Meanwhile, happy loading!
Sue
Nice question! And I think you mean major hurricanes... yet! The season is not yet over 🙂
Once I have the data loaded - should be this week - I'll start to look at how hurricanes are measured. I'm guessing we can do this by looking at wind speeds over X mph.
Unfortunately Lumira won't let us filter on a measure so I will have to filter it down at the HANA level. I'm sure that won't be too hard.
John, besides this being really great and pertinent information (weather affects us all), it also reinforces the power of Big Data capabilities that both HANA and, graphically, Lumira provides end users. Turning this into Predictive Analytics may help with weather forecasting...?
Thanks William.

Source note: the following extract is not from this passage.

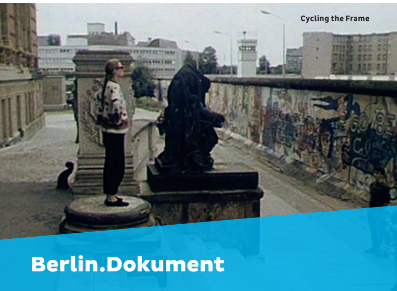
Cycling the Frame

I think it will get more interesting as we get a lot more data and I advance the model.
It's possible that we can help with weather forecasting but organizations like NOAA do have very advanced and specific algorithms running on very powerful supercomputers!
Still, let's see what happens.
Wow John,
I'm looking forward to seeing P.II
Are you running SP13?
The downloading seems to be the biggest challenge here.
I'm pretty excited!!!!!!!!!!!!
-Bijan
Hey Irshaad,
The Lumira build I use is very similar to the SP13 release you can download on SAP Service Marketplace, but I work with the Lumira team on HANA integration so you may see some differences in my build.
In my experience, accessing, downloading, formatting and getting data quality right is by far the hardest challenge in the HANA/Lumira world. The HANA/Lumira tech works great by comparison!
John
Great Blog - thanks!
Rama
Hi John,
I am impressed. Nice work.
Keep it up.
Thanks.
Regards,
Hari Suseelan
I followed the whole adventure on twitter and it's pretty exciting. There's only one thing that I would add: we need units of measure, especially for temperature (showing degrees in celsius in the US is kind of counter-intuitive).
Here's my question that I hope your dataset can asnwer: if I were to invest in a wind-turbine, that requires constant winds accross the year, in which country (maybe even region or city) should I put it?
Thanks,
Julien
That's the European in me! Easy to fix in HANA though with a unit-of-measure conversion.
Very interesting question... I presume you want a high wind, with low variance. I should be able to pinpoint the exact location. Unfortunately this is tough with Lumira because there's no VAR or STDDEV functionality with the HANA connector. I hope this to be fixed in HANA SP8.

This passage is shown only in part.